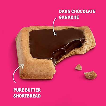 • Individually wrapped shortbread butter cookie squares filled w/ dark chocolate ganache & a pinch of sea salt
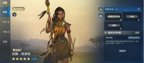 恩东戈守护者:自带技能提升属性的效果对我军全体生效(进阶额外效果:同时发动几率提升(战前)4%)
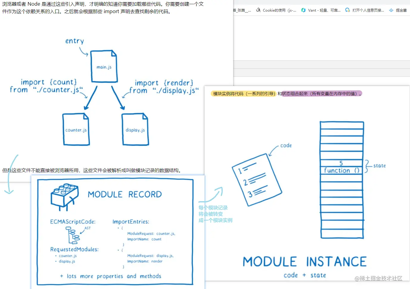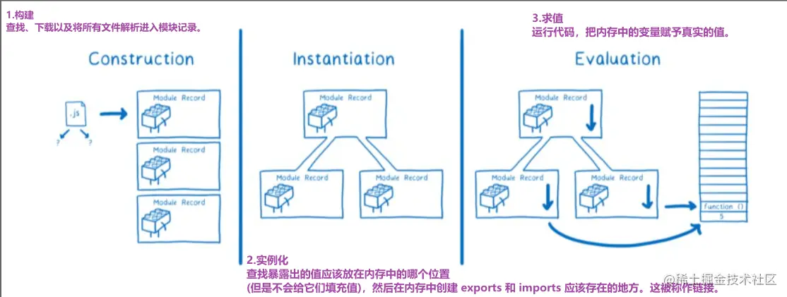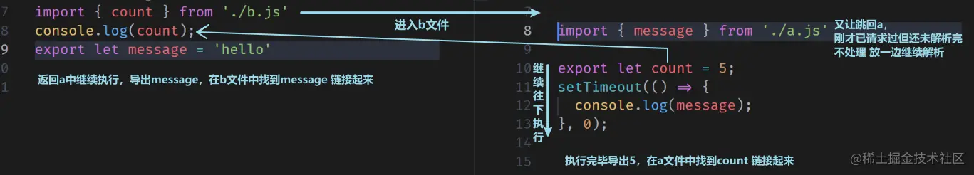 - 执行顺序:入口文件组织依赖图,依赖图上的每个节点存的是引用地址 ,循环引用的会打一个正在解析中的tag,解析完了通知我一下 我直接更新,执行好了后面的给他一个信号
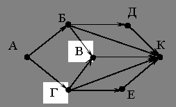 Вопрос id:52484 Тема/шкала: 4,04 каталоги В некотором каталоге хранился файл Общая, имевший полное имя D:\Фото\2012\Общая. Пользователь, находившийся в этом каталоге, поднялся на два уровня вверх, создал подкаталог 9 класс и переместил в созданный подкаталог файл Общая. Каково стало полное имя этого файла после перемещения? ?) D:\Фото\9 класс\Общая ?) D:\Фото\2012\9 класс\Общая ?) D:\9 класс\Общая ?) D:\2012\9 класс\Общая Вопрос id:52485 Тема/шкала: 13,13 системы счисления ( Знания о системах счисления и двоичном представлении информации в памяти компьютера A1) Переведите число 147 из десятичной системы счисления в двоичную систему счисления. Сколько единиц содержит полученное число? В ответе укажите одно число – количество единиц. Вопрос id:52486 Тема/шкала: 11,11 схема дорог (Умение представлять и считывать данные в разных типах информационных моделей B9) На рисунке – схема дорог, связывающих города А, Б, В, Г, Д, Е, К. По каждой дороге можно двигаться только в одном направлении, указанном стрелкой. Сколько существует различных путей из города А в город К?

########

--- What the task asks ---
With the pictures omitted, give every line above again exactly.

--- Response to this exercise ---
 • Individually wrapped shortbread butter cookie squares filled w/ dark chocolate ganache & a pinch of sea salt
 恩东戈守护者:自带技能提升属性的效果对我军全体生效(进阶额外效果:同时发动几率提升(战前)4%)
 - 执行顺序:入口文件组织依赖图,依赖图上的每个节点存的是引用地址 ,循环引用的会打一个正在解析中的tag,解析完了通知我一下 我直接更新,执行好了后面的给他一个信号
 Вопрос id:52484 Тема/шкала: 4,04 каталоги В некотором каталоге хранился файл Общая, имевший полное имя D:\Фото\2012\Общая. Пользователь, находившийся в этом каталоге, поднялся на два уровня вверх, создал подкаталог 9 класс и переместил в созданный подкаталог файл Общая. Каково стало полное имя этого файла после перемещения? ?) D:\Фото\9 класс\Общая ?) D:\Фото\2012\9 класс\Общая ?) D:\9 класс\Общая ?) D:\2012\9 класс\Общая Вопрос id:52485 Тема/шкала: 13,13 системы счисления ( Знания о системах счисления и двоичном представлении информации в памяти компьютера A1) Переведите число 147 из десятичной системы счисления в двоичную систему счисления. Сколько единиц содержит полученное число? В ответе укажите одно число – количество единиц. Вопрос id:52486 Тема/шкала: 11,11 схема дорог (Умение представлять и считывать данные в разных типах информационных моделей B9) На рисунке – схема дорог, связывающих города А, Б, В, Г, Д, Е, К. По каждой дороге можно двигаться только в одном направлении, указанном стрелкой. Сколько существует различных путей из города А в город К?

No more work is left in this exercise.